Introduction to OpenVINO toolkit for deploying AI models on the edge (part 1)

Source: Deep Learning on Medium

Introduction to OpenVINO toolkit for deploying AI models on the edge (part 1)

The need for AI on the edge

Data is generated at the edge, then it is sent to the cloud for processing, and insights come back to the edge.

There is a need to deploy AI at the edge for a number of reasons, such as:

1. The need for low latency

2. No network available to send the data/network impact concerns

3. The need for real-time decision making

4. The need for more security for the data

OpenVINO toolkit

Open Visual Inferencing and Neural Network optimization toolkit is an open-source project developed by Intel. It takes model developed and trained with DL frameworks such as Pytorch, Tensorflow, MXNet & Kaldi and optimizes them for inference.
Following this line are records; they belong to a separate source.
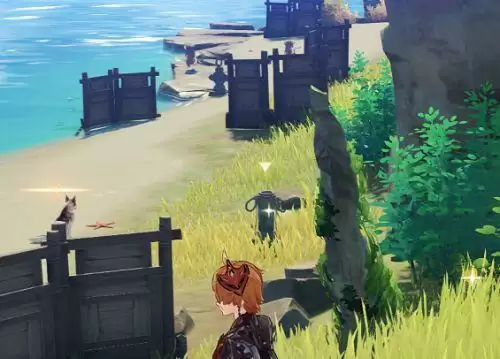 5.抓完之后果断跑路拜拜 去最右侧海边来到山腰处如图所示
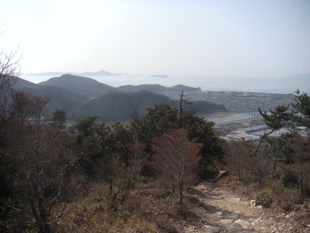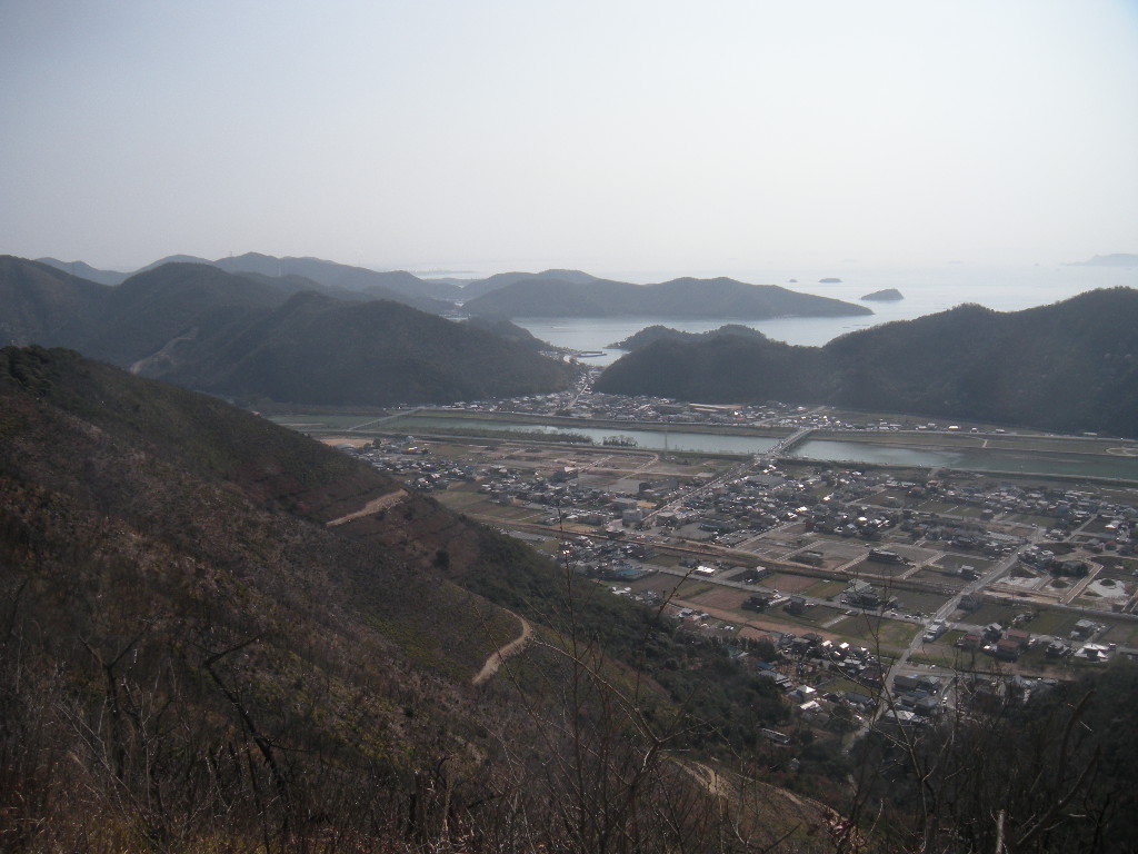 あれが今日の目的地「坂越大道」だ。山からみてもいいけど、現地に着けばもっとええじゃろうなあ。
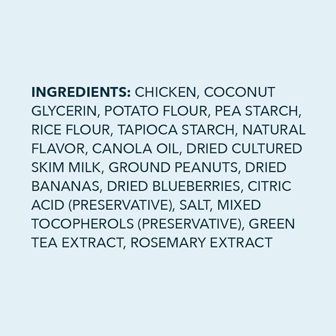 - American chicken is the #1 ingredient, enhanced with peanut butter and banana flavors from ground peanuts and dried bananas
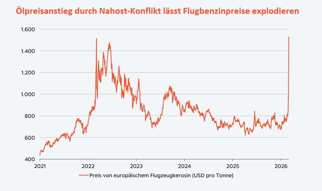 - Der durch den Nahost-Konflikt aus gelöste Ölpreisanstieg von rund 25 Prozent führte zu deutlichen Verwerfungen entlang der gesamten Versorgungskette. Besonders sichtbar wird dies bei raffinierten Ölprodukten wie europäischem Flugbenzin, welches seit der Eskalation über 80 Prozent zulegte und damit neue Höchststände markierte.
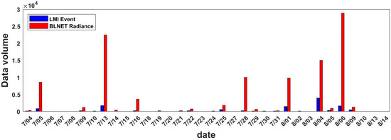 The study area is selected within the effective coverage range of the BLNET (115.5°E~117.5°E, 39.5°N~41°N), as depicted in Figure 5. The figure illustrates the detection count of FY-4A LMI events and BLNET radiation events during the summer of 2019. On the dates included in the statistics, the LMI detected a total of 12,660 events, while the BLNET detected a total of 107,294 radiation events. The overall detection efficiency of the LMI is 11.799% of the BLNET.
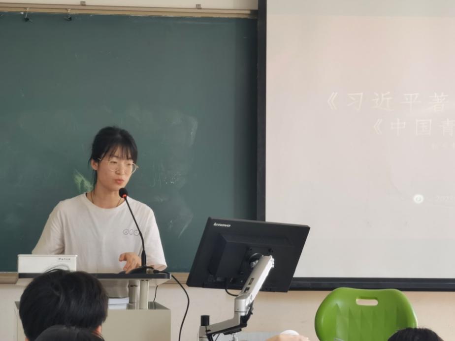 最后,刘扬同学讲述了进入新时代,实现中华民族伟大复兴的中国梦,成为当代中国青年运动的时代主题。她引用了《习近平著作选读<第二卷>》中的话:“人生天地间,长路有险夷,我们要进一步发扬革命精神,始终保持艰苦奋斗的昂扬精神。”
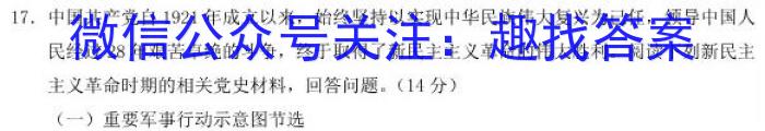 17.自1921年成立以来,始终坚持以实现中华民族伟大复兴为已任,领导中国人民经过28年艰苦卓绝的斗争,终于取得了新民主主义革命的伟大胜利。阅读下列新民主主义革命时期的相关党史材料,回答问题。(14分)(一)重要军事行动示意图节选
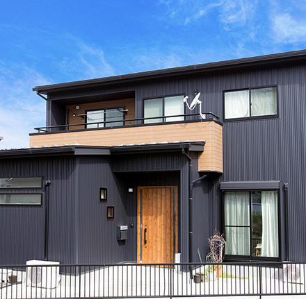 ブラックのガリバリウムに木目調の外壁がアクセント、シックすぎるお家
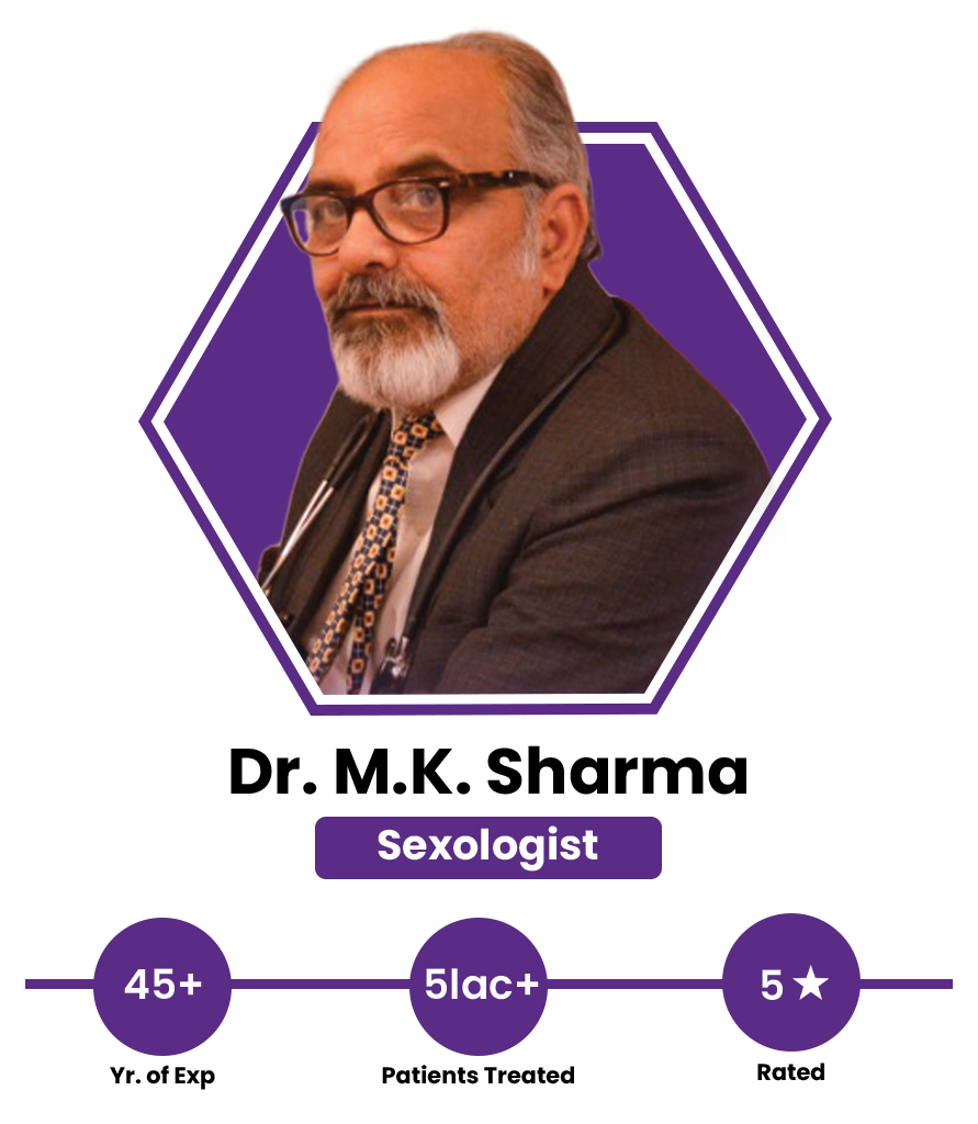 Dr. MK Sharma treats male sexual health issues such as erectile dysfunction, premature ejaculation, low testosterone, penile disorders, and male infertility.
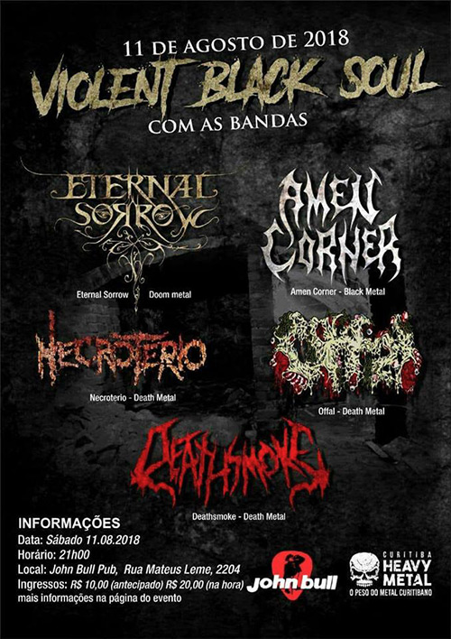O Violent Black Soul já deixa explícito em seu nome qual o estilo musical que predominará. O festival vai acontecer dia 11 de agosto, sábado, e reunirá no renovado palco do John Bull Pub cinco grupos de Metal, em suas vertentes mais agressivas.
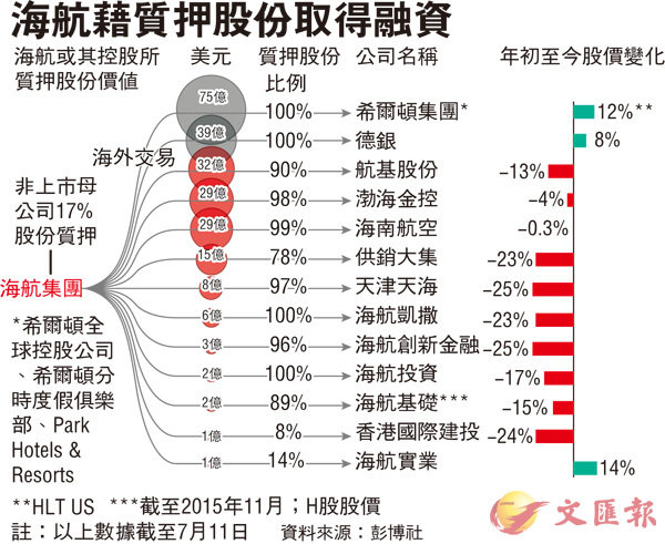 質押15上市公司 部分達持股九成香港文匯報訊(記者 歐陽偉昉)近年在海外併購市場異軍突起的海航集團,雖然大手收購不斷,但公司似有源源不絕的「彈藥」。彭博社昨日以分析所匯編的監管文件,揭開海航資金之謎。報道...
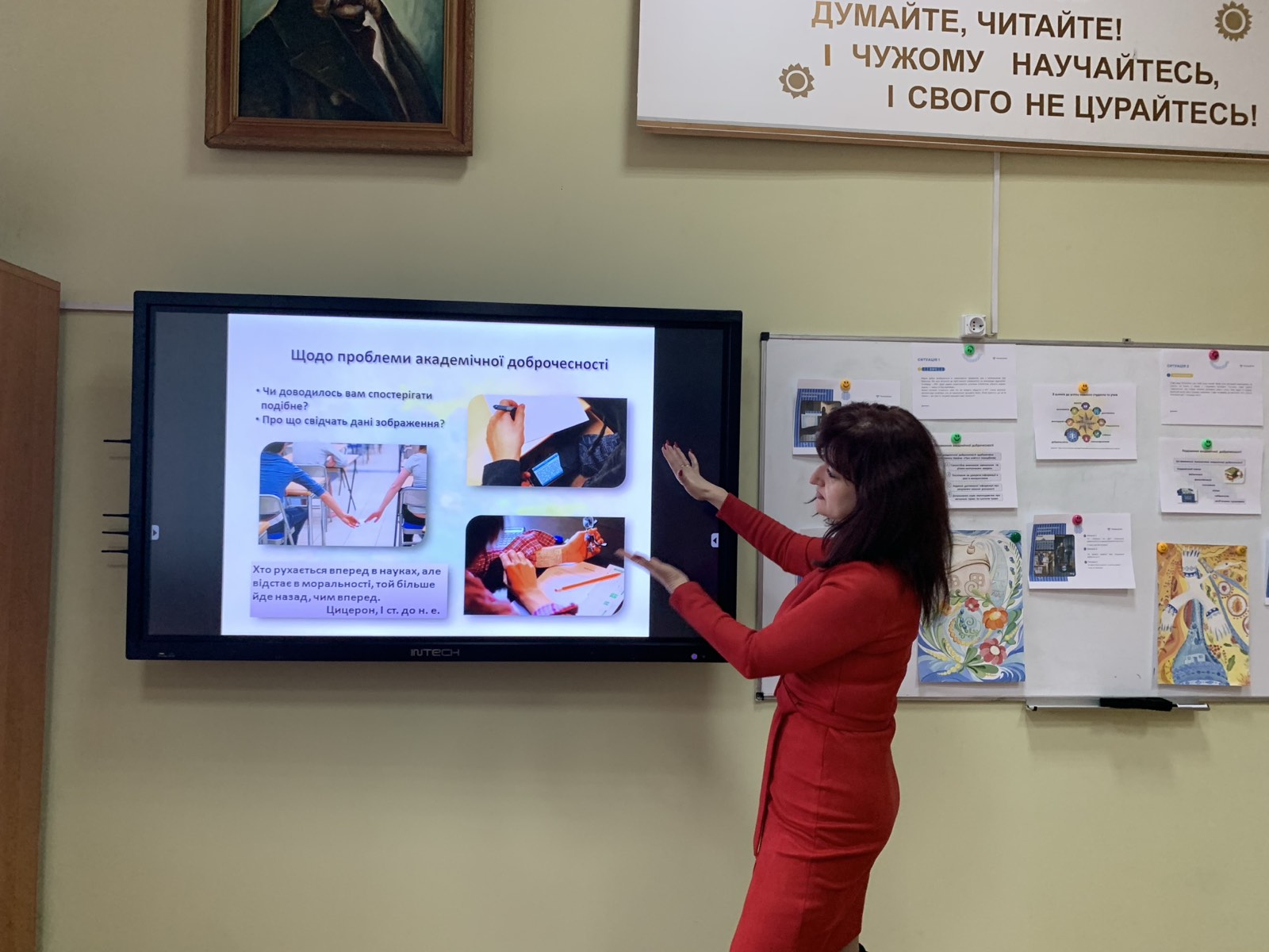 Викладачі Ірина БАРАНСЬКА, Наталія ЗІЛЮК, Ольга ПОДВОРНЮК, Тетяна ЛАХМАНЕЦЬ разом зі студентами приєдналися до проведення Всеукраїнського уроку доброчесності, на якому детально обговорили принципи академічної доброчесності, важливість самостійного виконання робіт, негативні наслідки плагіату та списування тощо.

The optimized model is then used with the inference engine which optimizes it more according to the target hardware for deployment.

The toolkit optimizes AI models for various hardware, such as Intel CPUs, GPUs, FPGAs (Field Programmable Gate Arrays), and VPUs (Vision Processing Units).

In addition to the model optimizer and the inference engine, OpenVINO has a model zoo that contains a variety of pre-trained models.

Model zoo

Categories:

1- Face and human-related detection and recognition

2- Vehicle-related detection and recognition

3- Text detection

4- Some more

There are two main sets in the model zoo:

  • Public sets, which are pre-trained models that are not optimized yet so you can fine-tune and retrain them according to your specific use.
  • Free sets, which are already optimized models ready to be processed directly by the model optimizer. Unlike the public sets, these models can not be retrained.

All models information is available at https://docs.openvinotoolkit.org/latest/_models_intel_index.html

Models are downloaded manually or using the Model Downloader script in the toolkit. It is found in
(<OPENVINO_INSTALL_DIR>/deployment_tools/open_model_zoo/tools/downloader)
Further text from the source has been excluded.